§ **Work instructions**
Would you repeat the listing exactly, without any of its images?

Data extract: Begin

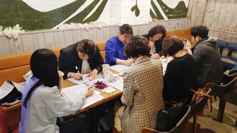 학생은 유료로 하는데 성인 분들은 재능 기부로 시작을 했어요. 교육원에서 하는 건 제가 강사로서 하는 일이니까 따로 돈을 받지는 않아요. 돈을 받고 모집을 하기에는 어려움이 있어요. 수업을 처음 알게 된 사람들은 다 [바른 글씨 로고테라피]가 뭐냐고 물어보세요. 수업을 받으신 분들은 너무 좋아하시고 또 받고 싶다고 하시거든요. 그런데 그렇지 않으신 분들한테는 수업을 설명하고 돈을 받기가 어려운 것 같아요. 힐링하고 마음을 챙기는 수업인데 이 수업을 누군가가 일부러 돈을 내고 신청해서 한다는 게 쉽지는 않은 것 같아요.
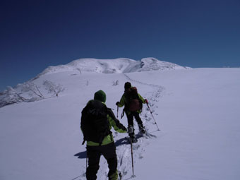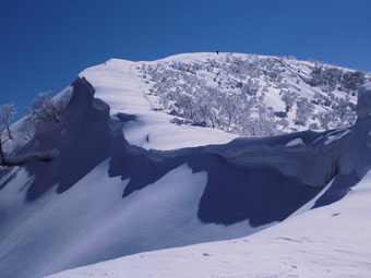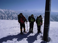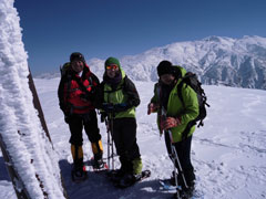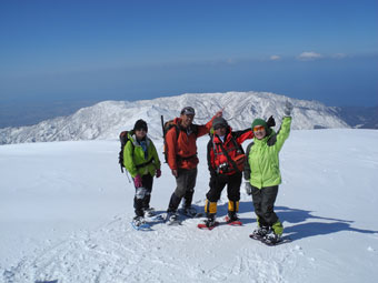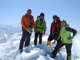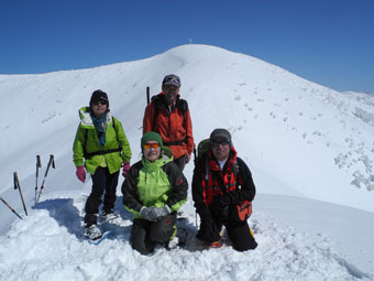 | 12:38~43 初雪山頂をバックに・・・ | 朝日岳をバックに・・・ |
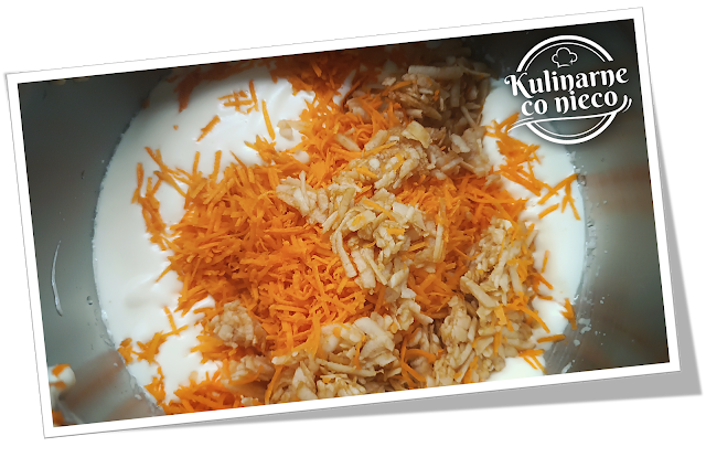 Do mokrej masy wsypać startą marchew oraz
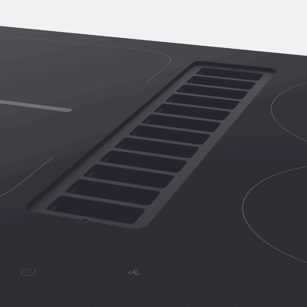 - Ativação automática da coifa: Ajuste automático de velocidade conforme a potência do cooktop.

Data extract: End

§ **Output of the task**
 학생은 유료로 하는데 성인 분들은 재능 기부로 시작을 했어요. 교육원에서 하는 건 제가 강사로서 하는 일이니까 따로 돈을 받지는 않아요. 돈을 받고 모집을 하기에는 어려움이 있어요. 수업을 처음 알게 된 사람들은 다 [바른 글씨 로고테라피]가 뭐냐고 물어보세요. 수업을 받으신 분들은 너무 좋아하시고 또 받고 싶다고 하시거든요. 그런데 그렇지 않으신 분들한테는 수업을 설명하고 돈을 받기가 어려운 것 같아요. 힐링하고 마음을 챙기는 수업인데 이 수업을 누군가가 일부러 돈을 내고 신청해서 한다는 게 쉽지는 않은 것 같아요.
 | 12:38~43 初雪山頂をバックに・・・ | 朝日岳をバックに・・・ |
 Do mokrej masy wsypać startą marchew oraz
 - Ativação automática da coifa: Ajuste automático de velocidade conforme a potência do cooktop.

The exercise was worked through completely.